Friday, December 30, 2011

Arrival: Mud Insensitivity #cccnyr

TBBBE Stock 4-Runner Photo
Friday we loaded up the Toyota 4-Runner and ended up in a caravan with another Toyota 4-Runner, once again the official race vehicle of the The Best Bike Blog Ever, and headed north. It will come as no surprise to anyone that just like the last several races in the OVCX series it rained from the time we left our driveway until we reached Indian Lakes Resort in suburban Chicago. Good thing I packed that 33 gallon drum of chain lube.

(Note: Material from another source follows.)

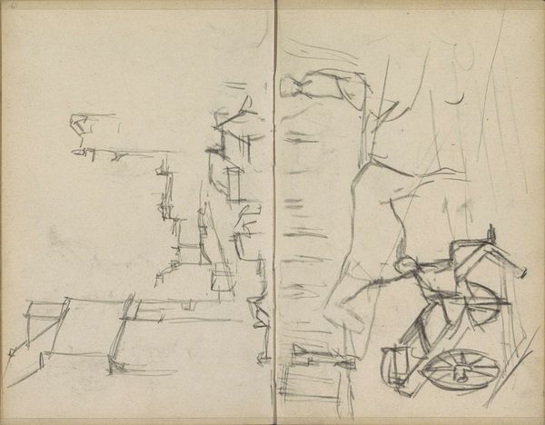 Curator: I find myself captivated by this rather unassuming sketchbook page, a drawing from Breitner, dating back to 1907-1909. It's titled "Gevel en een gezicht op de Prinseneilandsgracht te Amsterdam." Editor: Initially, it feels like catching a fleeting thought – a jumble of lines, an almost ghostly architecture barely tethered to the page. There's a raw honesty about it, a vulnerability, like stumbling upon someone's private musings. Curator: Precisely! Breitner's impressionistic style shines through even in this quick sketch. He wasn’t interested in perfect replication, but in capturing the feeling of a place, a specific atmosphere, the very light bouncing off the canal. Notice the stark contrast of the façade on the left page and what appears to be a piling platform on the right. Editor: It makes me consider the context of the Prinseneiland. This wasn’t a picturesque postcard setting back then; it was a working-class area, full of laborers and industry. Do you think the sketch portrays not just the structure but also an echo of that socio-economic landscape, particularly considering the workers using the piling platform? Curator: I think so. Breitner wasn’t blind to the realities around him. Though part of me wonders if it's less about intentional social commentary, and more about him documenting the sheer dynamism and chaos he found so aesthetically interesting about modern city life. Like a poet drawn to grit as much as beauty, and it might also simply suggest one initial sketch against a subsequent stage, left unfinished. Editor: Fair enough. But consider how even unintentional portrayals still reflect a certain worldview. The composition, with its almost frantic energy, contrasts sharply with the stillness usually associated with canal scenes. It’s refusing that romanticized gaze. Do you see a kind of rebellion? Curator: Perhaps. Although, to me, the very act of sketching like this is a quiet rebellion. A statement that even the mundane, the incomplete, the 'unbeautiful', is worthy of artistic attention. Still, in its unfinished nature, this drawing reflects not only the world outside, but also the one within Breitner's mind as a fleeting memory that perhaps no longer exists. Editor: Exactly. It shows us that even in the quickness of capturing a moment, choices are made, perspectives are offered. It turns the ordinary into an opportunity to examine values. Curator: Well put. Breitner’s fleeting sketches offer a surprisingly profound view, literally and figuratively, through a lens of both time and individual perception. Editor: Absolutely. And maybe that’s the real rebellion – daring to show a working Amsterdam, an unfiltered vision and thereby capturing both labor and progress.

The odd part was I didn't care. Am I tired of cleaning bikes? Yes. Am I tired of lubing chains and replacing bottom brackets? Yes. After two days of promoting Kings CX in derailleur clogging, hanger breaking mud it didn't phase me in the slightest. Was I expecting mud when I signed up for Chicago and Madison a couple months ago? Not in the slightest. Of course I could have sub-consciously realized that mud and 46 degrees beats the pants off icy and 20 degrees - THAT is what I expected.

Upon arrival we set into motion and started preparing ourselves to pre-ride and set up. We obtained Club Row treatment through ChiCrossCup and got to set up our tent in advance just feet from the starting grid. This is a primo setup, with tents on either side of us to secure everyone together from the Chicago wind and literally be able to hear our names during callups from our tents. Stay warm to the last minute kids.

Showing that I have been completely desensitized to the mud, I put on my shoes, a rain jacket, and my helmet a rode a lap of a very wet course in my jeans. Surprisingly the ground was very, very wet, but very, very firm. The course reminded me of Storm the Greens back in its heyday with its flat runs, a few small off camber hills, and some sculpted and contoured sand pits. Mostly it was flat with lots of straight aways. It was very calm today, and I think as a result I am not taking into account factor that race day might bring - wind. Chicago is well known for its wind and with long flats and wide open spaces that wind could make or break your day. They put wind turbines in the fields on I-65 for a reason.

Mackenzie and Spencer try to walk Goose Poop Hill

For technical features there are two notable features. The first is a "hill", literally the only hill taller than my official TBBBE race vehicle on the entire course - and for as far as you could see in the misty, wet day. That hill appears to be very special in its construction, something you can only get on a golf course. It is constructed of waste material from the course maintenance - literally consisting of grass clipping, extra sand, goose poop, aeration cores, and whatever else might have been collected in the grass catcher of the lawn mower. Walking up the hill we realized we shouldn't have. My shoes weighed about 5 pounds each by the time I got back to the bottom. Whether this is rideable or not will depend on the weather - but if you have to run it, you are not going to clip in clean. The hill was quickly nicknamed "Goose Poop Hill".

Sand trap love, Indian Lakes Resort style

The other technical feature of note is the many sand pits in use throughout the course. None are UCI legal length, but none are like riding sand either. The rain and elements and dormancy of the course have left them firm and rideable, but the lips riding out of them are similar if not greater than the lip to the right side of the long pit used at Kings CX a couple weeks ago. All of this is rideable, but those grunts up and out with the sand at the end of the lip getting churned up will definitely create some issues and opportunities during the weekend.

That is a wrap of the Chicago Cross Cup New Years Resolution course preview - I have to go get those jeans out of the hotel washer - there wasn't a "heavy soil" setting, so I have my fingers crossed. Stay tuned for more reports from the upper midwest.

P.S. - Here is Mackenzie's reaction to the course preview:

If you've ever ridden at Kingswood, you would recognize it here in Chicago. This course is a golf course, with a hill right smack in the middle. Just like Kingswood, except the hill is made up of random debris they don't want on the course and is smaller and only one hump...but that doesn't matter right now! Soo the course was really familiar feeling, fairly flat and straight. A few s-turns and u-turns thrown in, for variety. The start will be iffy for sure, long relatively thin pavement that's curvy with a strange turn onto the grass with off camber right after it. The hill that's pretty much literally made up of mud, goose poop, and unwanted dirt (lovely combination, right?) is slippery and has bumps, reminds me of the big hill at nationals the past few years, except not nearly as steep. After you go across the first time you go back later and go up and down the side a little around a tree, similar to what we've done at Kings before. Plopped at the end of the course are 6 sand pits - a lot of sand pits.